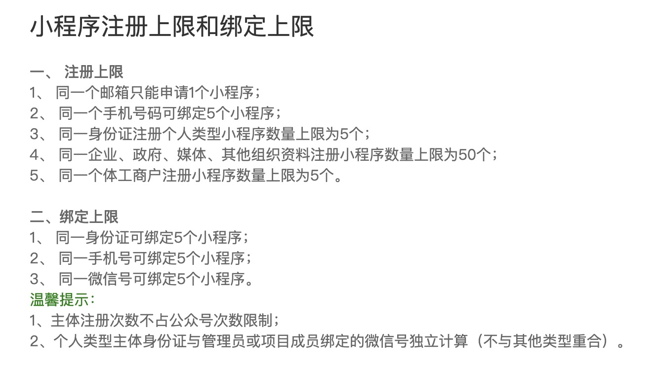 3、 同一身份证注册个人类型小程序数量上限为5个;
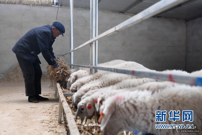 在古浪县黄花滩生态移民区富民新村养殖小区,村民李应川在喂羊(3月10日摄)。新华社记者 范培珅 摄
══════════
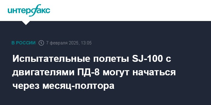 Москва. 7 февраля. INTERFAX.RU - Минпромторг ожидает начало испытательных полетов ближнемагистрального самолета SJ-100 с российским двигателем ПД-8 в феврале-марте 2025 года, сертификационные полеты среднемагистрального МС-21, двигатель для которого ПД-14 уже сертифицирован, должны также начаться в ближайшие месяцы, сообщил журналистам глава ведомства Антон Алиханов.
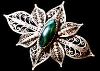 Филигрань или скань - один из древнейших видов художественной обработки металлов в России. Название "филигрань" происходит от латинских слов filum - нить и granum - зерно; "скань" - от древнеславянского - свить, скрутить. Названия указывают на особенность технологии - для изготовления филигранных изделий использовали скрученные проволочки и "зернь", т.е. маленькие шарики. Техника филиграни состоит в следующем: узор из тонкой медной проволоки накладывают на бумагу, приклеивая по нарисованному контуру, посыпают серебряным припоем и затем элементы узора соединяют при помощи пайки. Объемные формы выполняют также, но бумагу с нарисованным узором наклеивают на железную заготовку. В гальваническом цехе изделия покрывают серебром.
══════════
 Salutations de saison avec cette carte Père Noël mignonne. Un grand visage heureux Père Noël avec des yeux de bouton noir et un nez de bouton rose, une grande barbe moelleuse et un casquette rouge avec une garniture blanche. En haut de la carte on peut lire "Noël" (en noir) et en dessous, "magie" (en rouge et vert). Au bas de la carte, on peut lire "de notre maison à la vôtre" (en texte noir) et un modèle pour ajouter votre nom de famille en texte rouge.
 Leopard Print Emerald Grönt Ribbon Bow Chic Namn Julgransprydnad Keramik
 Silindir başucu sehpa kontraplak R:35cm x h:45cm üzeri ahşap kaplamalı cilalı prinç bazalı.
══════════
**PROBLEM STATEMENT:**
Above are the records; copy exactly the lines from the one with "3、 同一身份证注册个人类型小程序数量上限为5个;" through the one with "在古浪县黄花滩生态移民区富民新村养殖小区,村民李应川在喂羊(3月10日摄)。新华社记者 范培珅 摄", including both, and nothing more. Leave out pictures.

**RESPONSE BELOW:**
 3、 同一身份证注册个人类型小程序数量上限为5个;
 在古浪县黄花滩生态移民区富民新村养殖小区,村民李应川在喂羊(3月10日摄)。新华社记者 范培珅 摄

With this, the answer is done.